Cliff wrote:
In a water cooled injection molding machine one closes down the output valve on the coolant line to increase the thermal transfer and speed mold cycling.
In a counterflow chiller the amount of heat transfer depends on many things, among them the ratio of the coolant flow to wort flow rates. If you increase the coolant flow rate and/or decrease the wort flow rate the wort will exit at a temperature closer to the coolant inlet temperature. And conversely. But the relationship between "efficiency" (defined as the drop in temperature divided by the initial difference in wort and coolant temperature) is not a linear function of the ratio. A lot has to do with whether coolant and wort flow are laminar. If either flow is increased to the point where the flow is no longer laminar transfer will be effected. And even where the flow is laminar the relationship between ratio and efficiency isn't linear. Each chiller can be characterized by a parameter I call Q, which depends on the geometry of the chiller. It's units are gallons per minute (or liters per second or whatever you will). A good operating point for a chiller is where the coolant flow rate is Q and the wort flow rate Q/5. This results in 99% efficiency (e.g. wort inlet temp 200, coolant temp 50, wort outlet temp 51.5 °F) with 5 times as much water used as wort is cooled. Increasing the coolant flow beyond this point has little benefit. Reducing it to 0.2*Q results in a decrease in efficiency to about 95% (exiting wort temp 56.5 °F) in the example.
Cliff wrote:
Also slow the flow Water is a phase change medium...
There is no phase change in a properly operated wort chiller.
Cliff wrote:
...and absorbs thermal energy differently at different temperatures.
No it doesn't (at least not appreciably - the specific heat of water changes by less than 1 % over the entire range from freezing to boiling).
Cliff wrote:
Easiest way to see this is to pop a thermometer in a pot and watch the thermometer and a clock plotting the time/Temp on a graph while the water comes to a boil. You'll see that during the last several minutes before a boil the water temp climbs painfully slowly.
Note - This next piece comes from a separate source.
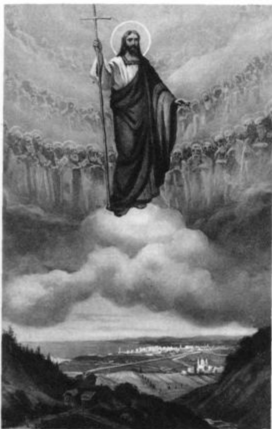
Jezus, Kralj nebes in zemlje

zdaj spomladi ne cvetè samo zato, da lepo cvetè, ampak da prinese sad, ta takega, drug drugačnega. Iz cvetú prave ljubezni, ki mora po božji volji in naredbi vezati oba zakonca, naj prihajajo na zemljo otroci, ki jim Bog po svoji podobi in sličnosti ustvarja umne, nemrljive duše, ki naj se prerodé v otroke božje, živé na zemlji kot otroci božji in dediči nebeškega kraljestva, da postanejo kdaj blaženi posedniki tega kraljestva pri Bogu.

That's not because of a change in specific heat but rather because the rate of heat transfer between two systems depends on the temperature difference between them. Thus as the water gets hotter less heat gets transferred to the water from the heat source while at the same time more gets transferred from the water to the surrounding air through the walls of the vessel. Also as high temperature the vapor pressure of water is approaching 1 atm and even though not yet in full ebulition, a lot of heat is being carried off in that vapor: 2270 Joules*/g. Note that this is over 4 times the energy which went into that gram to raise its temperature from just above freezing to 99 °C. Clearly, loss of latent heat through vaporization would be the major reason for the decreased temperature rate in most geometries.
Inside a wort chiller where there is no vapor (unless in turbulent flow and no place for the vapor to go if it is so it can't carry away heat) the temperature of the coolant will change 1 °C for every 4.219 Joules*/L put into it at near boiling and 1 °C for every 4.181 J/L put into it at 20 °C.
*Joule (after whom the unit of energy is named) was the son of a wealthy brewer and did much of his seminal work in a laboratory attached to his father's brewery).